### SUPPLIED RECORDS
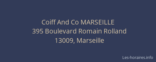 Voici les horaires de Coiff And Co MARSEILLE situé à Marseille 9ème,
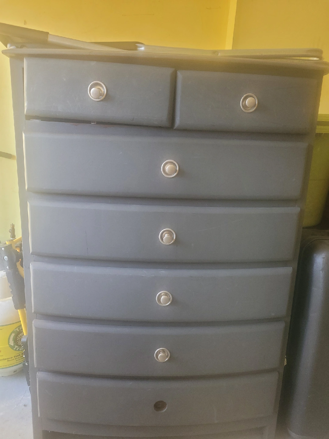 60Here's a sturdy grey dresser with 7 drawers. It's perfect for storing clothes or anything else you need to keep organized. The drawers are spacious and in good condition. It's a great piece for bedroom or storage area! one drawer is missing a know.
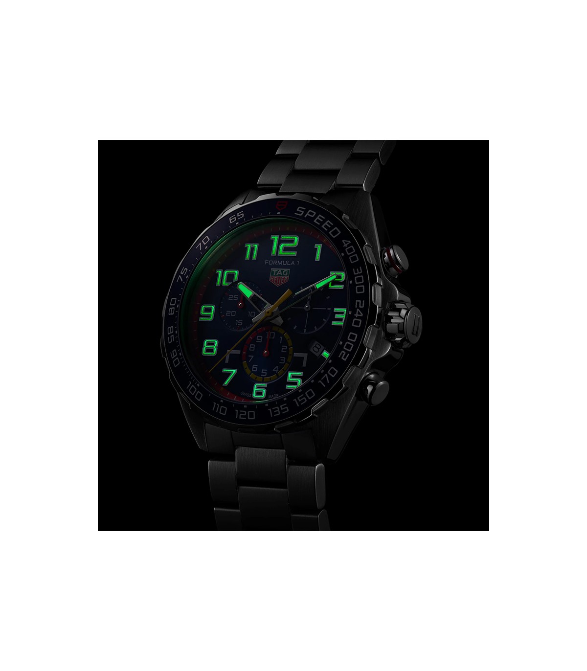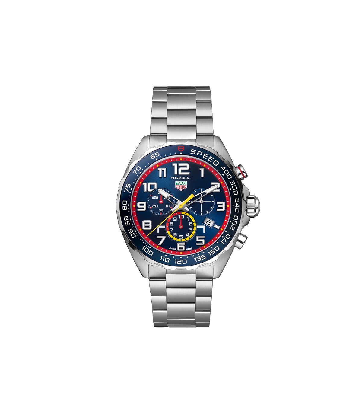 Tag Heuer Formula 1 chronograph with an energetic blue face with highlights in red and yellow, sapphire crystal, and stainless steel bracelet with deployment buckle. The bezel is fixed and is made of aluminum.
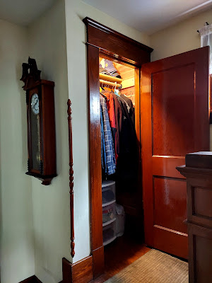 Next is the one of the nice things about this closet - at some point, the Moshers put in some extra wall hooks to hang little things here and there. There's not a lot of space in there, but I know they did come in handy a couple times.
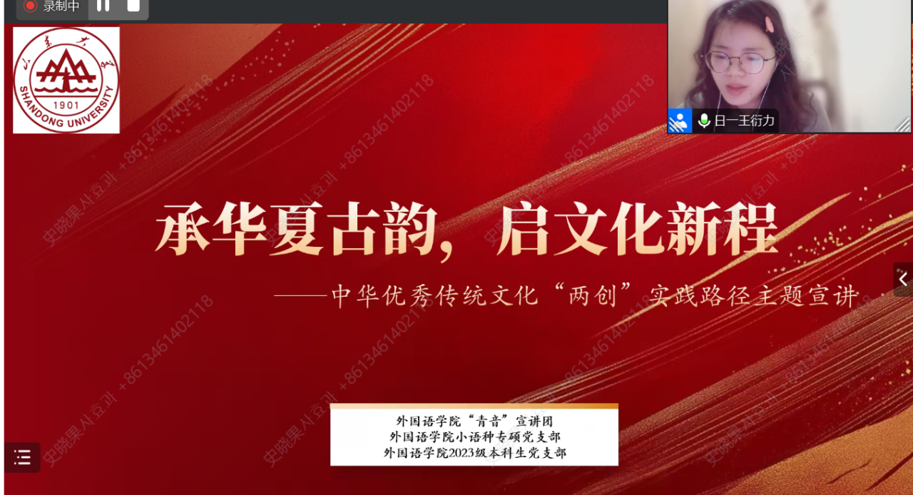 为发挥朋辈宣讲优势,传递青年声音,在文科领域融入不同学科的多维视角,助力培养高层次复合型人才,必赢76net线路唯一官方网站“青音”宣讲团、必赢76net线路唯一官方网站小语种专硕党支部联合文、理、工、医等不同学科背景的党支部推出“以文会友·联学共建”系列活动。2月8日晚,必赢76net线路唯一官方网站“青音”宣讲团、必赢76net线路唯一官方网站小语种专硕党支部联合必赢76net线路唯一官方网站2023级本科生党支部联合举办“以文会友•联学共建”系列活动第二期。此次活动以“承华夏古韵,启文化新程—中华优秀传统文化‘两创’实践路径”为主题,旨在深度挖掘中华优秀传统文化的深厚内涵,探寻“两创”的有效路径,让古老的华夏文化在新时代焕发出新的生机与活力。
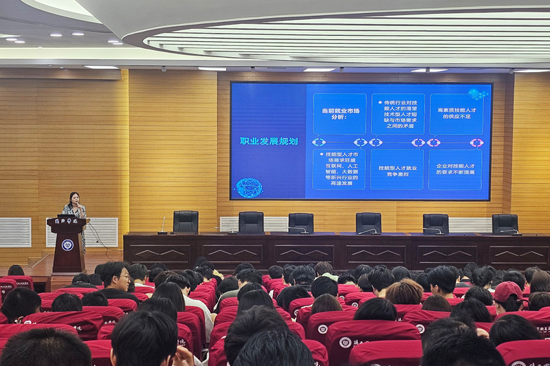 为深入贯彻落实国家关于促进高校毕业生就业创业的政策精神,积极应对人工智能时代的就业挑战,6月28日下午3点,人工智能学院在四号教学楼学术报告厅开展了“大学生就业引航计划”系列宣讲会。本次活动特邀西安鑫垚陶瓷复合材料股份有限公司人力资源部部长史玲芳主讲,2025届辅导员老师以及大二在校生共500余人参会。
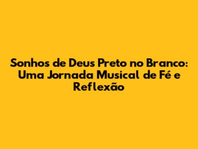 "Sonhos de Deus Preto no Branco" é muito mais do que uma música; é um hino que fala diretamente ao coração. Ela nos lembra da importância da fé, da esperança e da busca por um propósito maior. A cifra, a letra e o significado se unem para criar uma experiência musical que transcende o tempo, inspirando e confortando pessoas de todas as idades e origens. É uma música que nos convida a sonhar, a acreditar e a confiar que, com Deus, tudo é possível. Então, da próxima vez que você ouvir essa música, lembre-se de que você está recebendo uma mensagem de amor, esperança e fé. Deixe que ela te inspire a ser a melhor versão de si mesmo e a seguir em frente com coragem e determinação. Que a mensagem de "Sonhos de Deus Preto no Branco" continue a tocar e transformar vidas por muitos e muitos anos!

### TASK PROMPT
Would you output the lines above from the line holding "为发挥朋辈宣讲优势,传递青年" up to and including the line holding "为深入贯彻落实国家关于促进高", exactly and only those, with no pictures?

### ANSWER TO THIS EXERCISE
 为发挥朋辈宣讲优势,传递青年声音,在文科领域融入不同学科的多维视角,助力培养高层次复合型人才,必赢76net线路唯一官方网站“青音”宣讲团、必赢76net线路唯一官方网站小语种专硕党支部联合文、理、工、医等不同学科背景的党支部推出“以文会友·联学共建”系列活动。2月8日晚,必赢76net线路唯一官方网站“青音”宣讲团、必赢76net线路唯一官方网站小语种专硕党支部联合必赢76net线路唯一官方网站2023级本科生党支部联合举办“以文会友•联学共建”系列活动第二期。此次活动以“承华夏古韵,启文化新程—中华优秀传统文化‘两创’实践路径”为主题,旨在深度挖掘中华优秀传统文化的深厚内涵,探寻“两创”的有效路径,让古老的华夏文化在新时代焕发出新的生机与活力。
 为深入贯彻落实国家关于促进高校毕业生就业创业的政策精神,积极应对人工智能时代的就业挑战,6月28日下午3点,人工智能学院在四号教学楼学术报告厅开展了“大学生就业引航计划”系列宣讲会。本次活动特邀西安鑫垚陶瓷复合材料股份有限公司人力资源部部长史玲芳主讲,2025届辅导员老师以及大二在校生共500余人参会。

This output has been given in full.